The coaching staff will be providing a lot of the direction and development for this team still with so many young players in key roles. But there are certainly lots of potential voices to guide the team — whether it could be C.J. Watson adding his experience to the mix or Channing Frye or Jason Smith as examples of veterans who could share their experience.

The Magic have a lot of guys who want to lead by example though. Watson said he believes he can share his experience by showing the young players how he works and approaches the game, leading by example.

Tobias Harris, Orlando Magic
Jan 23, 2015; New York, NY, USA; Orlando Magic forward Tobias Harris (12) drives the ball during the third quarter against the New York Knicks at Madison Square Garden. Knicks won 113-106. Mandatory Credit: Anthony Gruppuso-USA TODAY Sports /

Even Tobias Harris, one of the young players expected to lead this particular Magic team, believes he can show the way by leading by example.

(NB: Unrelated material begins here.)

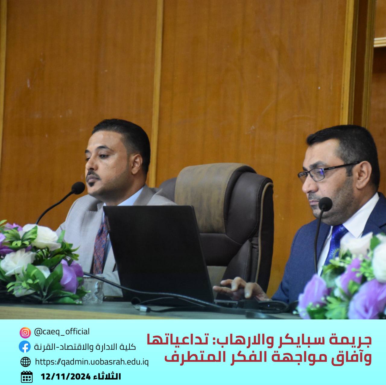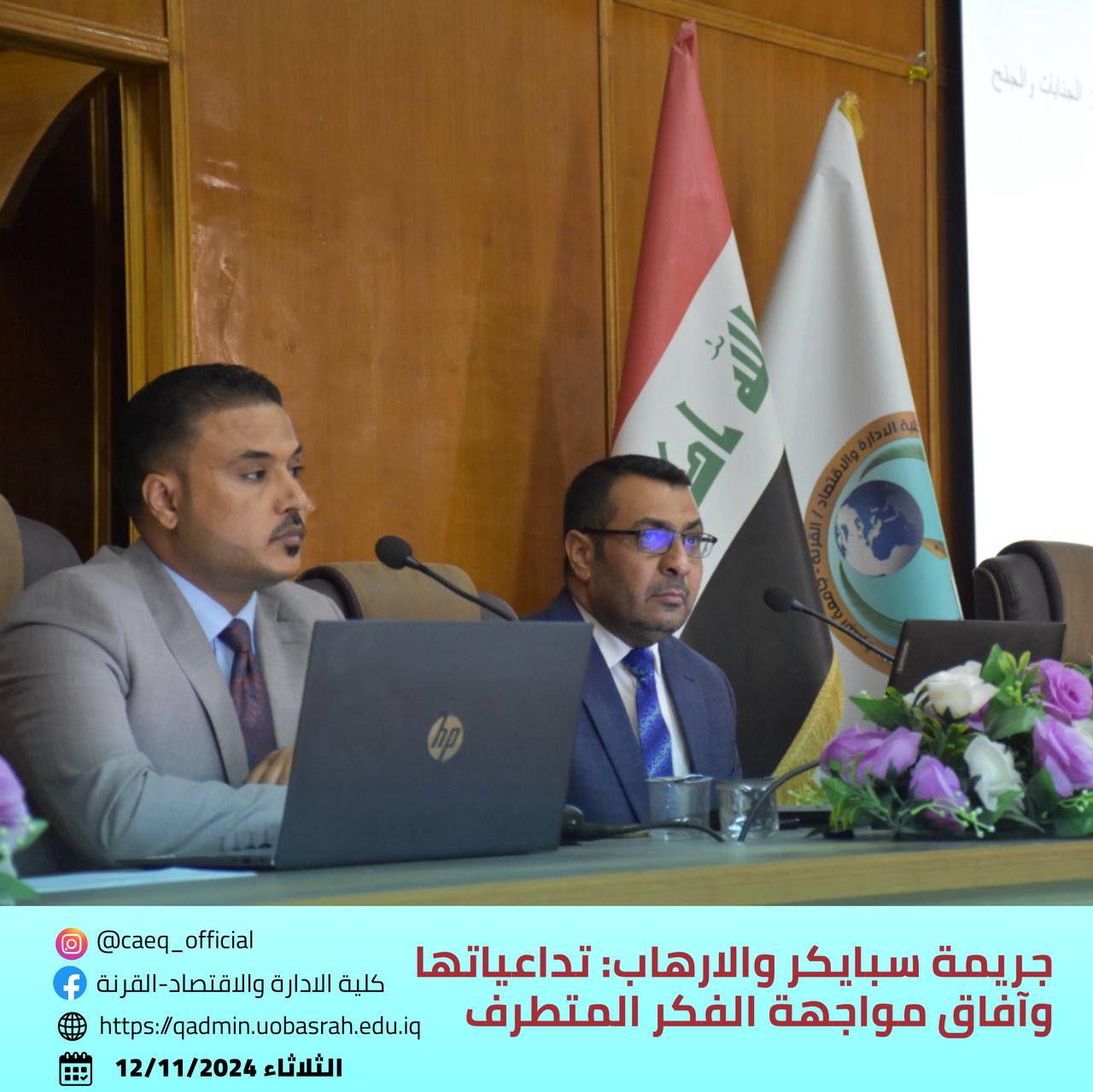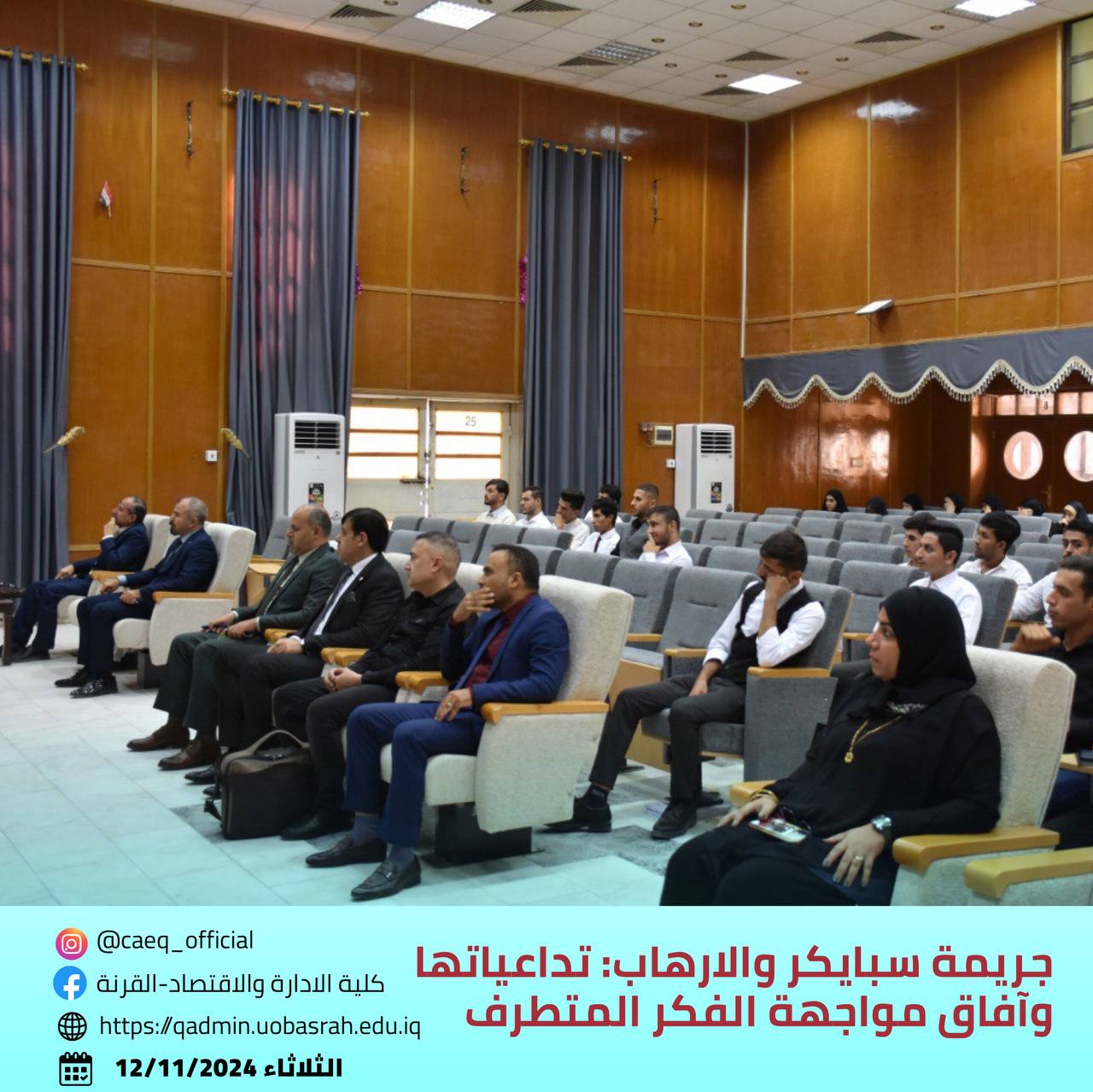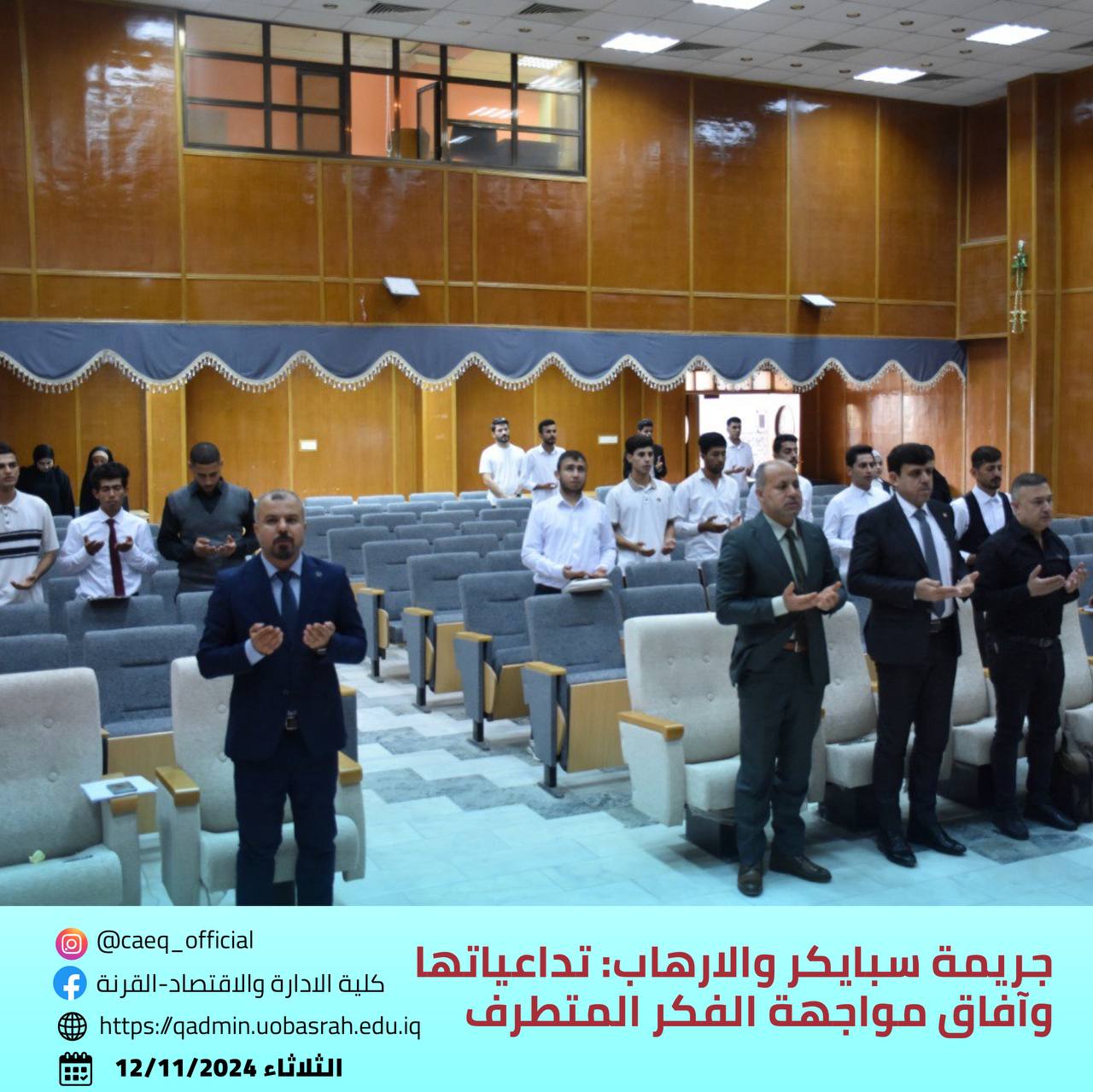 On Tuesday, November 12, 2024, the College of Administration and Economics – Qurna at the University of Basrah organized a scientific symposium titled “The Speicher Massacre and Terrorism: Implications and Prospects for Countering Extremist Ideology.” The symposium was chaired by Professor Dr. Youssef Odeh Ghanem and legal expert Talib Razzaq Saad. It addressed several key topics related to the phenomenon of terrorism and strategies to combat extremist ideologies.

“That’s always been me to push myself even when we’re tired at the end of practice,” Harris said. “That’s just been me.”

Saturday will be the first test for the Magic. It will be the first time the Magic put all the concepts they have learned in training camp against an unknown opponent.

Tobias Harris said the goal for that initial game was to stick to the team’s principles and incorporate what they have been doing in training camp to the game. It will be just exciting to apply the things they have learned and getting out to play again.

“They’ve been great,” Skiles said. “They’re playing extremely hard. They are trying to pick up everything we have been putting in. We have enough offense in to carry us a little while. They’ve been really good.”